Público - 04 Mai
08
"Seria sensato tomar medidas", defendem
especialistas
Andreia Sanches e Alexandra Campos
A crise alimentar que se vive por todo o mundo terá
impacto gradual em Portugal, sobretudo entre a
população mais pobre. Aliás, "quem tem rendimentos
muito baixos já está a ressentir-se", diz Rogério
Roque Amaro, professor de Economia no Instituto
Superior de Ciências do Trabalho e da Empresa, em
Lisboa. "A tendência é para as pessoas substituírem
alguns alimentos por pão, por exemplo, porque,
apesar de ter aumentado, é ainda assim mais barato
do que outros", explica.
A constatação de Roque Amaro baseia-se não só no que
diz a teoria sociológica do comportamento dos
consumidores mais pobres, como no que o investigador
observa no seu trabalho junto de bairros sociais do
país. "As pessoas estão a queixar-se." E a situação
pode agravar-se: "Os aumentos tendem a ser em
cascata, primeiro os cereais, depois as farinhas, a
carne..."
O problema tem escala mundial. Mas Portugal, com
"taxas elevadas de pobreza relativa e absoluta" em
comparação com a média europeia, não sairá imune,
pelo que "seria sensato que, desde já, o país
tomasse medidas". Que medidas? "Em primeiro lugar,
Portugal devia contribuir para levar o debate da
reforma da política agrícola a nível europeu",
defende. Uma reforma essencial quando vários "erros"

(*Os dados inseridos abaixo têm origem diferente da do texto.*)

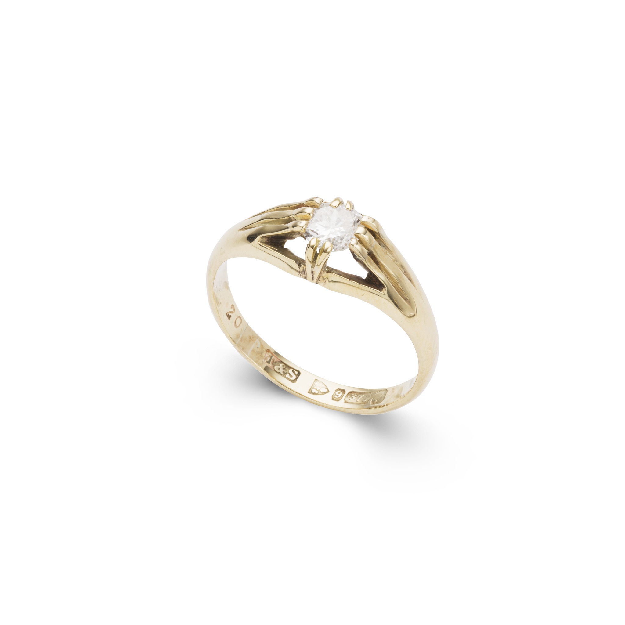 claw-set with a round brilliant-cut diamond, to a plain band, modelled in 9ct gold
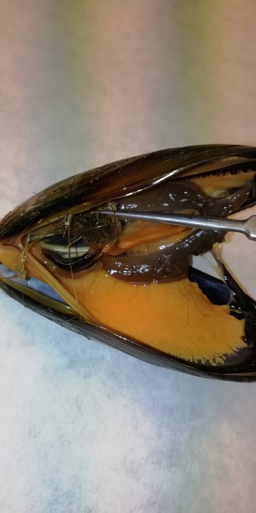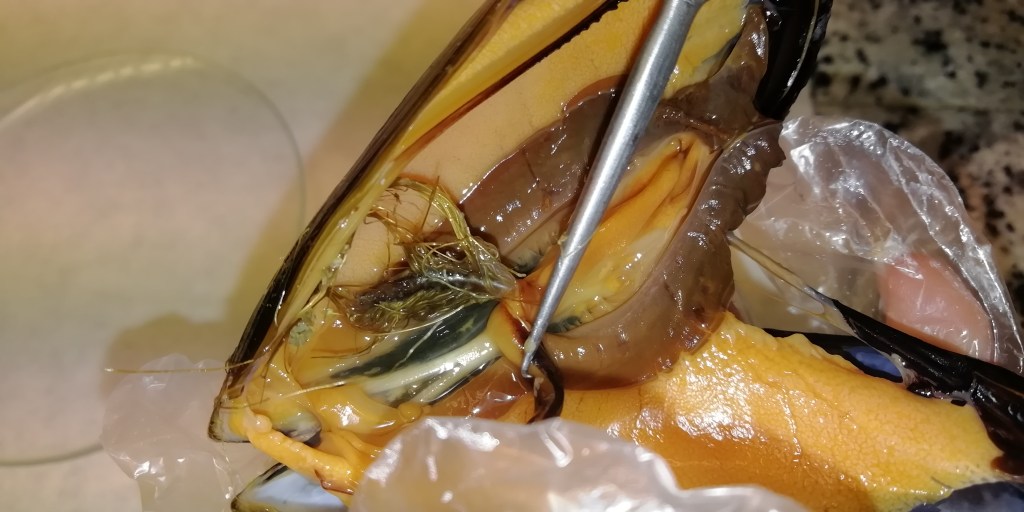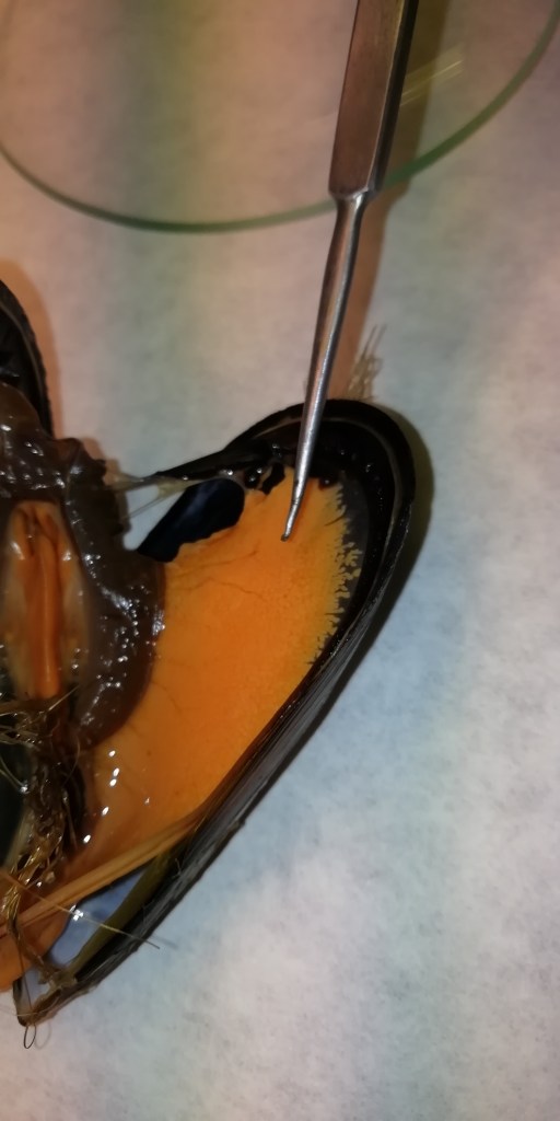Esta fue una práctica de anatomía de bivalvos en la que observamos algunos mejillones por dentro.

foram cometidos. Dá como exemplo o facto de, durante
anos, o país ter recebido ordens para reduzir a
produção de cereais.
Pode ainda ser necessário rever "as compensações
atribuídas às instituições [de solidariedade] que
apoiam estas pessoas" mais vulneráveis à crise. É
que também elas estão a suportar o aumento dos
preços.
A coordenadora do Plano Nacional de Acção para a
Inclusão (PNAI), Fernanda Rodrigues, defende também
o reforço da acção das organizações não
governamentais (ONG), se o acréscimo da procura de
ajuda alimentar que tem sido reportado se confirmar
e persistir no tempo. "A privação das prestações
básicas é intolerável", considera, frisando que "uma
evidência social desta natureza não pode deixar de
ter consequências".
Consequências que podem passar pelo reforço de
vários programas já existentes, como o programa de
apoio alimentar comunitário que é canalizado para as
ONG. Mas Fernanda Rodrigues vai mais longe, ao
reconhecer que poderá fazer sentido avançar com
prestações pecuniárias, para além do apoio
alimentar.
Admitindo que é necessário reequacionar o dignóstico
feito em 2005, quando foi definido o actual PNAI,
garante que o próximo programa (2009-2011) já vai
incorporar estas "indicações de ordem mais
subjectiva" e que, até ao final do ano, será feita
uma ronda de auscultações e recolhas de indicações e
tendências para juntar aos dados de natureza
quantitativa e estatística que parecem apontar em
sentido contrário. No final do ano passado,
exemplifica, o rendimento social de inserção
abrangia cerca de 300 mil pessoas, quando em anos
anteriores já chegou a beneficiar 350 mil. Mas os
últimos dados do RSI (Fevereiro) apontam para perto
de 316 mil beneficiários, quase mais 10 por cento do
que no mesmo mês do ano passado.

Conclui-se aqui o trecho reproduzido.